At least one of the intended parents, and the surrogate, must meet a test of connection with the UK (domicile or habitual residence) at the time their surrogacy agreement is admitted on to the new pathway, and when the child is born.
The Summary Report recommended that the essential elements of a surrogacy agreement on the new pathway should be set out on an official form, the Regulated Surrogacy Statement, and be signed by the surrogate, the intended parents and the Regulated Surrogacy Organisation.

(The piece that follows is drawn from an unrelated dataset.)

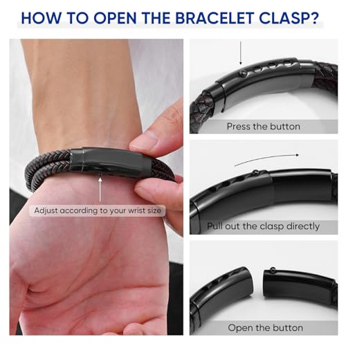 • Adjustable & Easy to Wear: With a 7.5" + 2" adjustable design, this men's leather bracelet fits most wrists effortlessly. The secure clasp keeps it in place all day, blending style and classic charm to bring you protection and good fortune.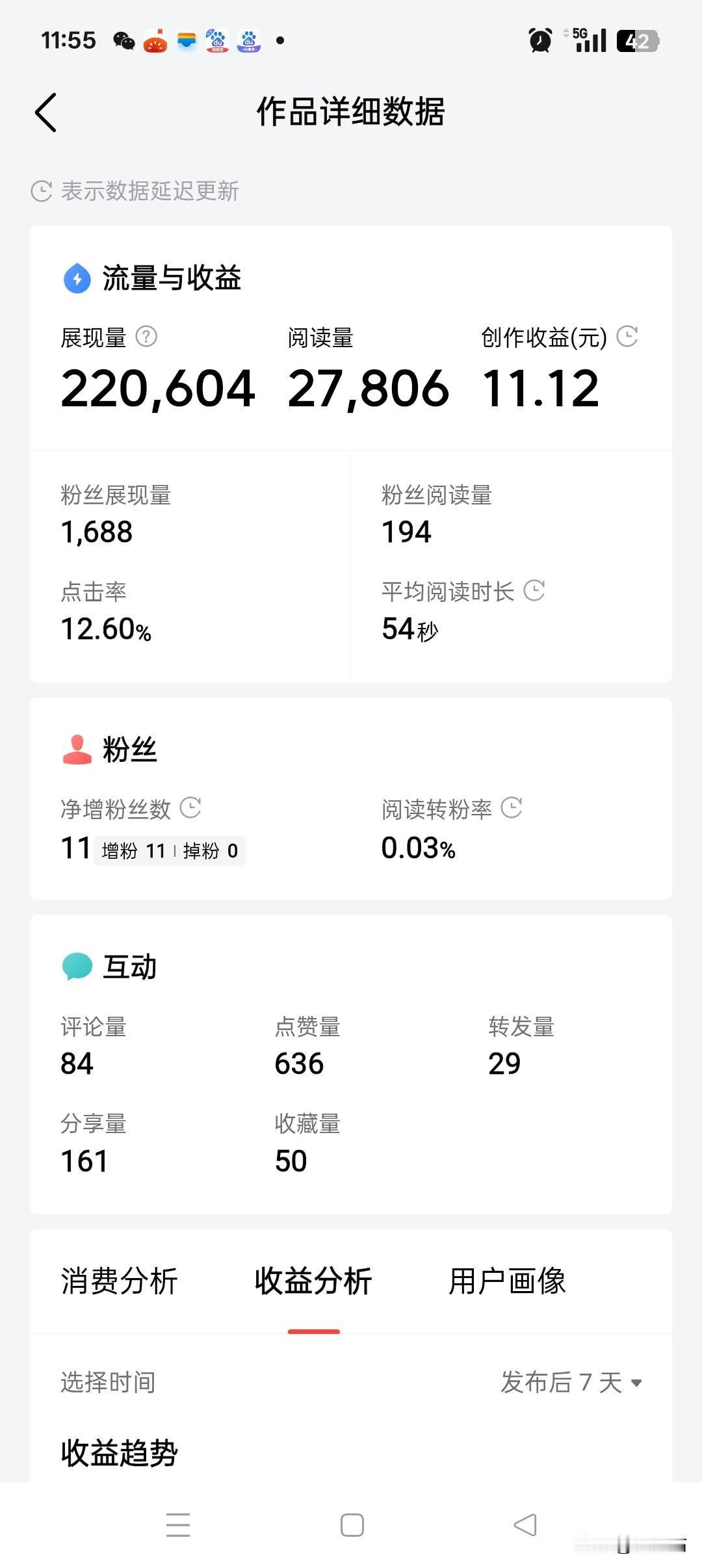 这流量收益我是越来越不懂了! 4万阅读量只换来0.06元! 而2.8万阅读却拿到11.12元 这种落差足以让每个创作者心里犯嘀咕:平台的收益秤,到底准不准? 不是对流量少的不满,而是对「努力不对等」的疑惑。那组4万阅读的数据,评论292条、点赞437个,互动热度明明很高,可平均12秒的阅读时长像根刺,扎得人明白:原来读者「划走得快」,在平台眼里就成了「不值钱」的流量。反观另一组,54秒的阅读时长、636个点赞,读者愿意沉下心看内容,收益自然跟着水涨船高。 这种「不满」不是抱怨,而是创作者对「价值认可」的较真——我们要的从不是流量的数字游戏,而是让「用心创作的内容」能被平台算法公平看见,让每一次深度互动、每一秒停留时长,都能在收益里得到应有的回响。

In the report the Law Commission make recommendations about the details that should be included in the Regulated Surrogacy Statement. These are;
- A statement that the intended parents will be the legal parents at birth, and that the surrogate will not be the legal parent of the child born, subject to her withdrawing her consent to the surrogacy agreement before the birth;
- Confirmation that a welfare of the child assessment has been completed to the satisfaction of the RSO;
- Confirmation that the parties have fulfilled the screening requirements;
- A statement by the intended parents and the surrogate that the child born of the surrogacy agreement will have their home with the intended parents;
- A description of the permitted payments to be made by the intended parents to the surrogate (although not a breakdown of all agreed expenses);
- Identifying details of those involved in the surrogacy agreement: the intended parents and the surrogate, the Regulated Surrogacy Organisation and (if any) the clinic;
- Details of whose genetic material is being used in conception:
- This will include identity in the case of the surrogate, intended parents, and known donors;
- In the case of identity-release gamete donors (those donors who are anonymous to the recipients of their gametes, but whose identity can later be released to a child born of those gametes once he or she reaches the relevant age), details of how to access information regarding the donor through the HFEA Register of gamete donors; and
- Non identifying information regarding the intended parents, surrogate and any known donors. This information could include a physical description of the parties, their marital status, or ethnic group.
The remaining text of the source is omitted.